● SUPPLIED INFORMATION:
--

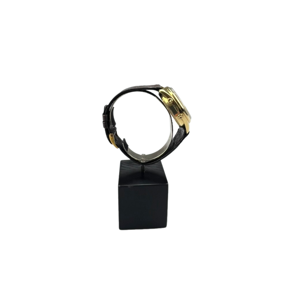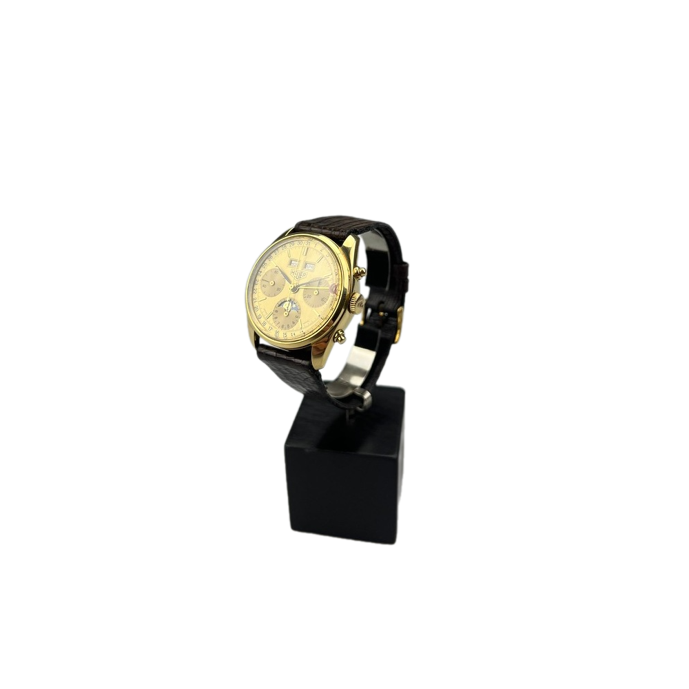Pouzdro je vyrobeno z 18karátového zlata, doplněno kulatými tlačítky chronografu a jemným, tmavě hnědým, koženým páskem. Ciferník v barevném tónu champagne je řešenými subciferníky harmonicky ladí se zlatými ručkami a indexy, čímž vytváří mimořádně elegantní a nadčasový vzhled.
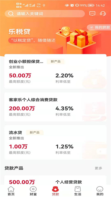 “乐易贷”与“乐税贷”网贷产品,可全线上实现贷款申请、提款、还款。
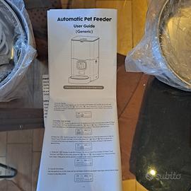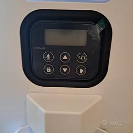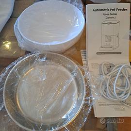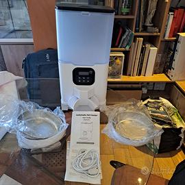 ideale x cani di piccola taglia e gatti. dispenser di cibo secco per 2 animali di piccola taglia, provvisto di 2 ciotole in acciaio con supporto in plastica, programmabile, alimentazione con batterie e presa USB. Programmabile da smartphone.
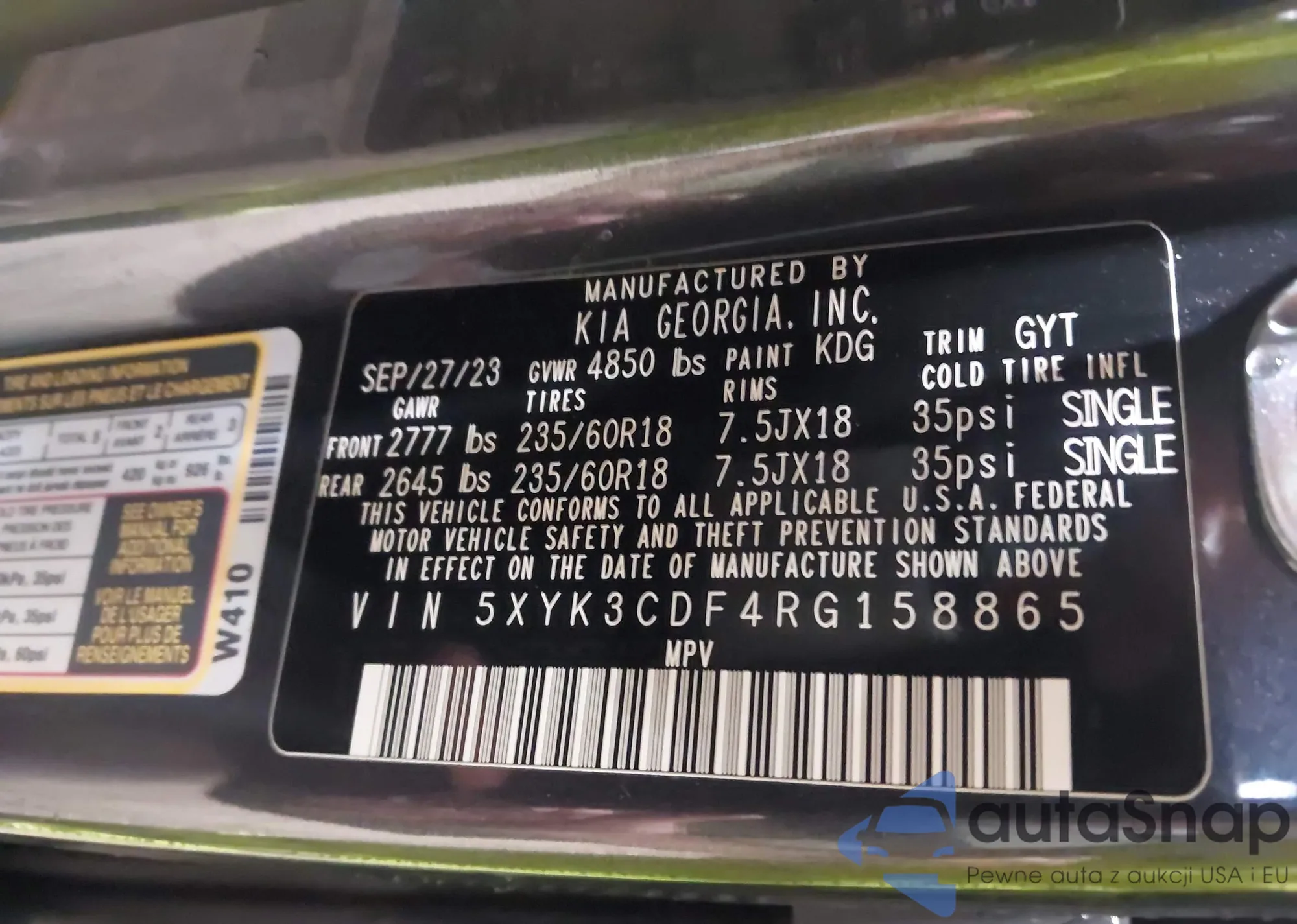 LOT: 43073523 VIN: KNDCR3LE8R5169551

--

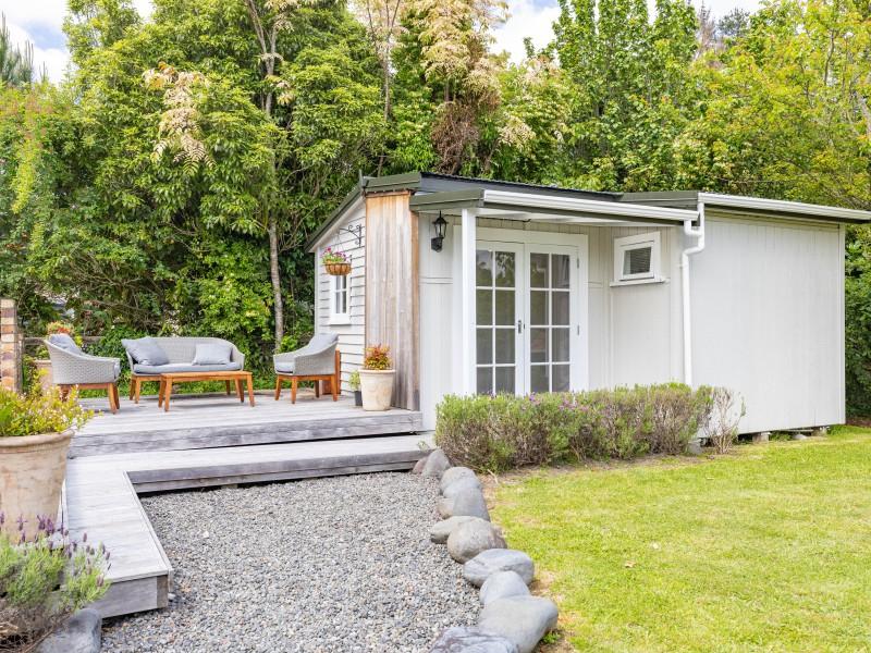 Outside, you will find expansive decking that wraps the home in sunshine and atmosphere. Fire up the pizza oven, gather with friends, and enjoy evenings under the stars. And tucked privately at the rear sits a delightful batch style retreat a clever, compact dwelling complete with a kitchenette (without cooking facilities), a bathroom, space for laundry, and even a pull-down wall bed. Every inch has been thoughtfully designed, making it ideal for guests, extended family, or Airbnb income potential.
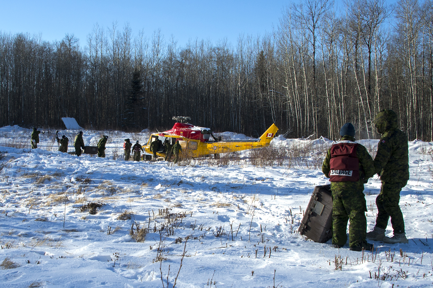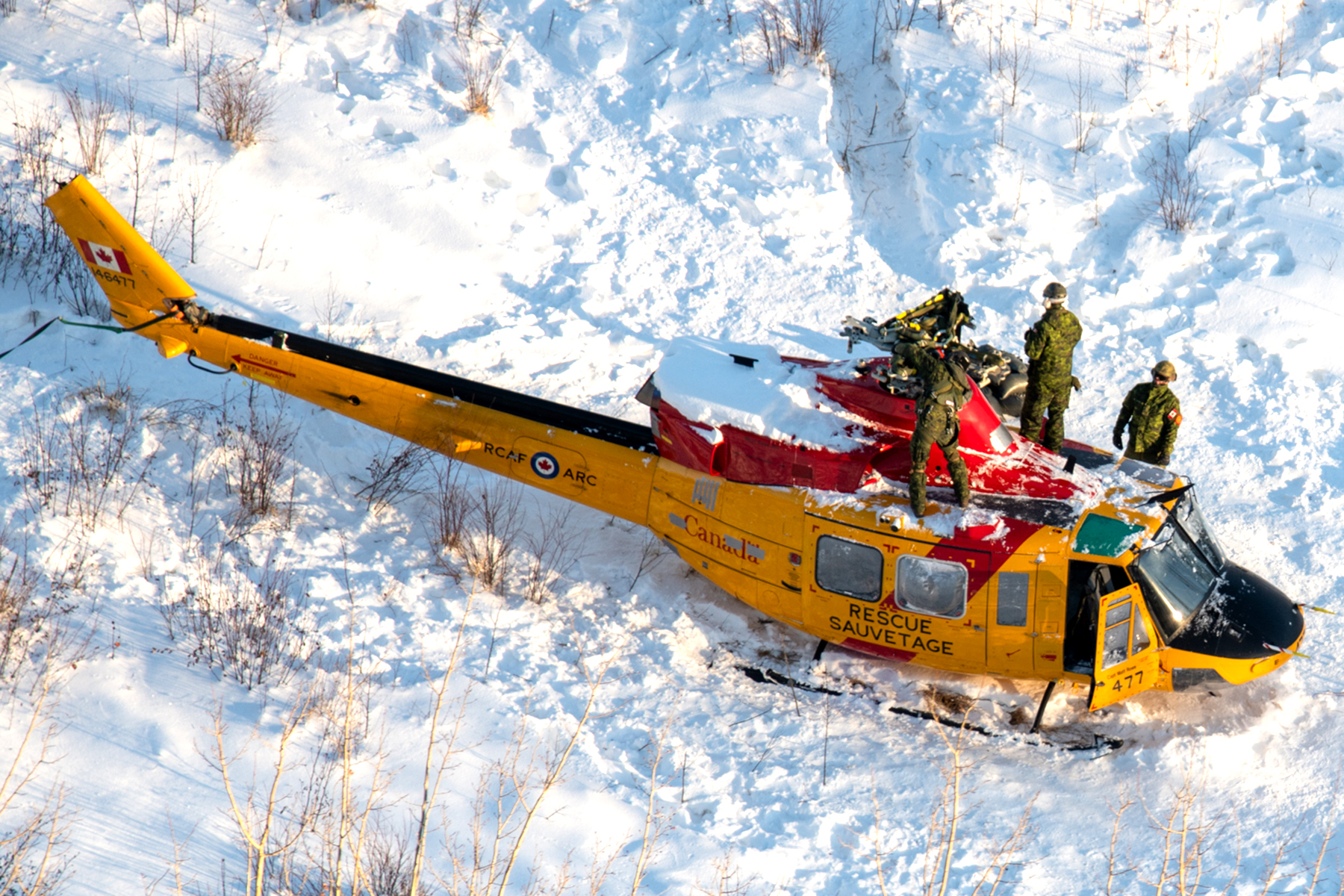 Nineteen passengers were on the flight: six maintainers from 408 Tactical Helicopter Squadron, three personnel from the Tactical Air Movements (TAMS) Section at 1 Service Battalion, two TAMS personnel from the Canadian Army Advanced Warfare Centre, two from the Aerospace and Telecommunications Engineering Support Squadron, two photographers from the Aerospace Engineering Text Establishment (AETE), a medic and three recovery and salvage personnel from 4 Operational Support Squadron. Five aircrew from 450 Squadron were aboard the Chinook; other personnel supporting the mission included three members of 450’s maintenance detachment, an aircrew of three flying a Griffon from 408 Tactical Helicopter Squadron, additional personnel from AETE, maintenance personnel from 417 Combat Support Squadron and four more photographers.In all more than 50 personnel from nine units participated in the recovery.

--

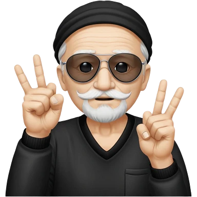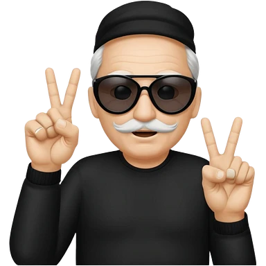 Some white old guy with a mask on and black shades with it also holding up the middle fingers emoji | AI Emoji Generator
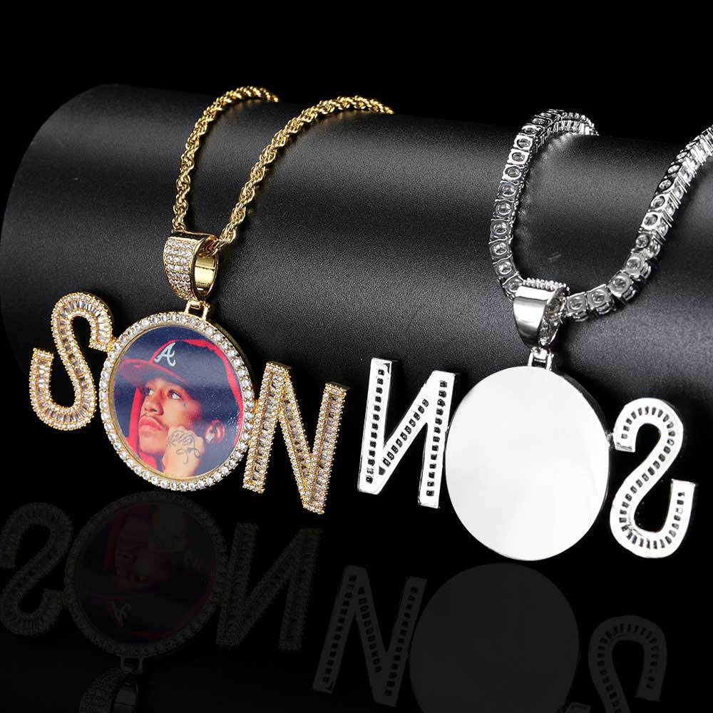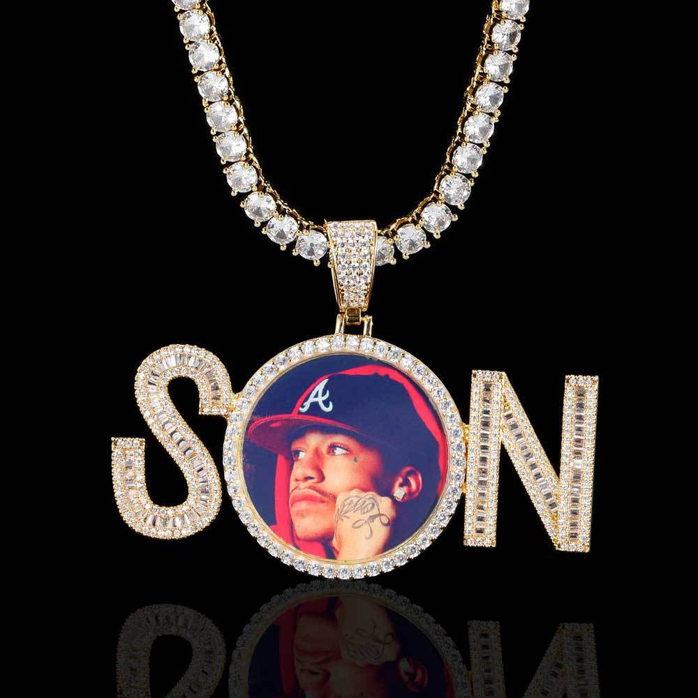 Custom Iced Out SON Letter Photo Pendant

--

Repeat exactly the lines above, from the line that contains "Some white old" down through the line that contains "Custom Iced Out SON Letter Photo Pendant". Include both of those lines and none of the pictures.

 Some white old guy with a mask on and black shades with it also holding up the middle fingers emoji | AI Emoji Generator
 Custom Iced Out SON Letter Photo Pendant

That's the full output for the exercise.